The topic is ok, like discussing any other piece of equipment. It's that we discuss the value of the application in the overall kit, and I admit to taking a harris with me on my first ever trip, along with many other 'luxuries', I quickly put on the... 'DO NOT TAKE AGAIN LIST'. The learning and evolving is probably what is so fun and rewarding about backpack hunting, sometimes it don't seem so fun in the middle of it... cry laugh Course the day after you get home you wish you were back out there.

For day hunting with a full pack on, that's a different story.

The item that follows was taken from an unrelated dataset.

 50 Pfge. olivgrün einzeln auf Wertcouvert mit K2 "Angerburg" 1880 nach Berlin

Just the way I go about it. If I pack in, I'm much more slow/sneaky/unobtrusive, which means more sitting and glassing from vantages and such. Why, because my range on my legs is limited to the area I'm in and I better not blow all the animals out or I've wasted all my effort. Hopefully I've scouted and know the animals in the area and have a plan. Once located, another plan is made to make the kill and over 300 yd shots are very possible with time to position and setup.

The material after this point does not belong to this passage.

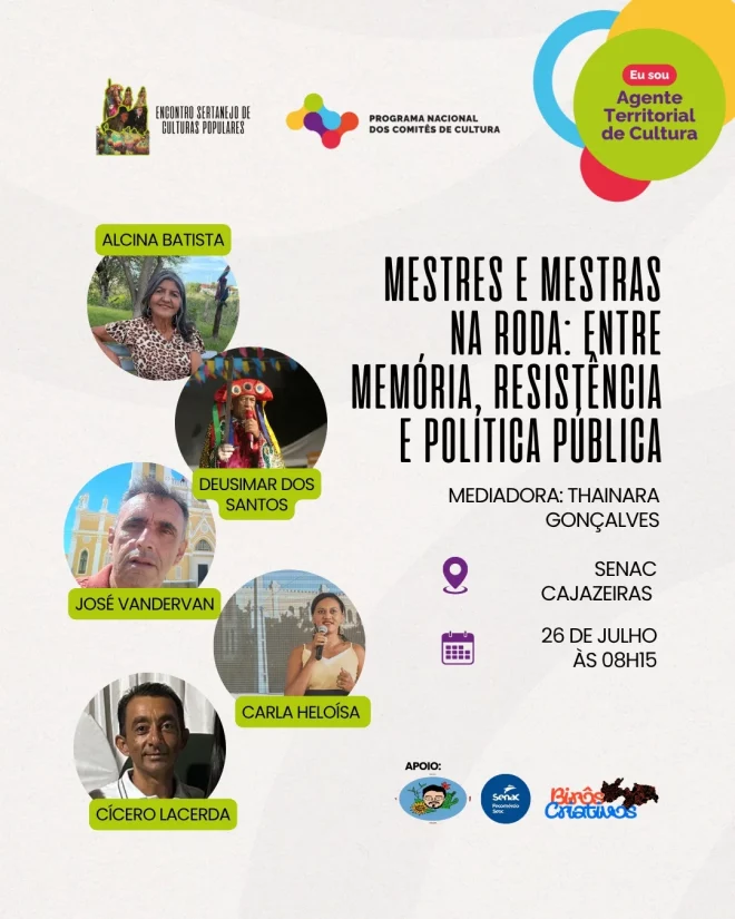 Realizado pelos produtores Thainara Gonçalves e Rafael Formiga, em parceria com o Sesc, o evento também terá mesa redonda com Mestres e Mestras da Cultura Popular da região

As a sidenote where I hunt, bipods seldom have enough height to get over the vegetation, few flat spots in Coues country, my tripoded bigeyes are in line usually or my pack on a rock outcropping or a steady tree branch. If a quick shot is needed past 300 then the hunt will continue for a better opportunity. Patience is something else that evolves.

The bipods may be interesting, just no one I know that BP hunts would consider it, so in this application is a nonissue.

Different methods of rests in the backcountry is interesting though.

My personal longest was a Coues deer at 420 off my bigeyes, usually my rest of choice, cause it's right there in front of me.